Ursprünglich organisierten die DemonstrantInnen Yoga-Strassenblockaden und Menschenketten vom Norden in den Süden des Landes. Nach interner Kritik an dieser Strategie haben AktivistInnen in gezielten Aktionen Bankenfilialen in Hamra verwüstet. Dabei wird darauf geachtet, dass keine anderen Geschäfte oder Menschen attackiert werden. Gewalt gegen Sachen sei legitim, da sie bloss symbolischen Wert habe, meint auch Darine Dandachly. Ausserdem: „Wir können den Leuten keine Vorwürfe machen für die Gewalt auf der Strasse. Wir sind hungrig. Wir haben seit dreissig Jahren keine Grundrechte. Wie sollen wir hungernde Leute davon abhalten, sich gewalttätig auf der Strasse zu verhalten?“ Sie selbst sieht wie viele andere von bewaffneter Gewalt ab: „Für uns und viele andere Gruppen ist das keine Option. Der Libanon unterscheidet sich von anderen Ländern.“ Die Revolution kümmere sich in erster Linie um die alltäglichen Probleme der Menschen.
Wie lange sich die Bewegung noch unter dem nach aussen getragenen Banner des gewaltlosen Widerstands sammeln lässt, während die Situation der Menschen immer schlimmer wird, weiss Darine nicht.
Im Café in Koraytem stellt sich eine Frau neben uns als Chirurgin vor und wendet sich mit einem Bankauszug an Darine. Darauf ist zu sehen, dass sie seit mehreren Monaten keinen Lohn mehr erhalten hat. „Genau das sind die Probleme, mit denen wir konfrontiert sind.“ Darine wird wütend und kommt nochmals auf den ursprünglichen Plan der Revolution zurück: nahe bei den Leuten bleiben und sich nicht mit der Macht einlassen, die über dreissig Jahre lang die Probleme der Menschen missachtet hat.

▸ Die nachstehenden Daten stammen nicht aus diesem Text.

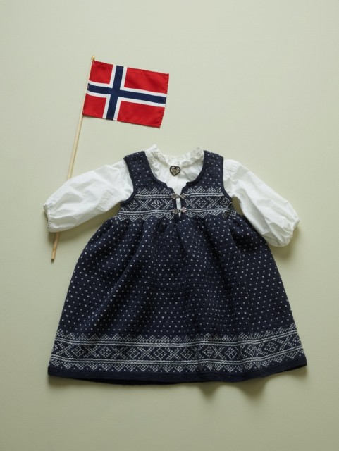 Kjolen strikkes rundt nedenfra og opp. Overdelen har åpning midt foran som syes og klippes opp før forkantene strikkes på. Kjolen lukkes foran på livstykket med hekter.

„Ich weiss, dass die Revolution nicht in absehbarer Zeit erfolgreich sein wird“, sagt Darine. Nach einem Blick auf ihr Smartphone gerät die Aktivistin in Eile. Sie muss ihre beiden Kinder von der Schule abholen. „Seit Beginn der Revolution musste ich sehr viele Opfer bringen in meinem Familienleben. Doch ich sage mir, dass ich das alles für meine Kinder tue. Ich tue es, um ihnen einen besseren Libanon zu hinterlassen.“ Noch einmal blicke ich in ihr ernstes Gesicht, dann füllt sich der Gehweg vor der Schule rasch mit lärmenden Kindern. Ein Hoffnungsschimmer in einem Land, über dem immer düsterere Wolken aufziehen.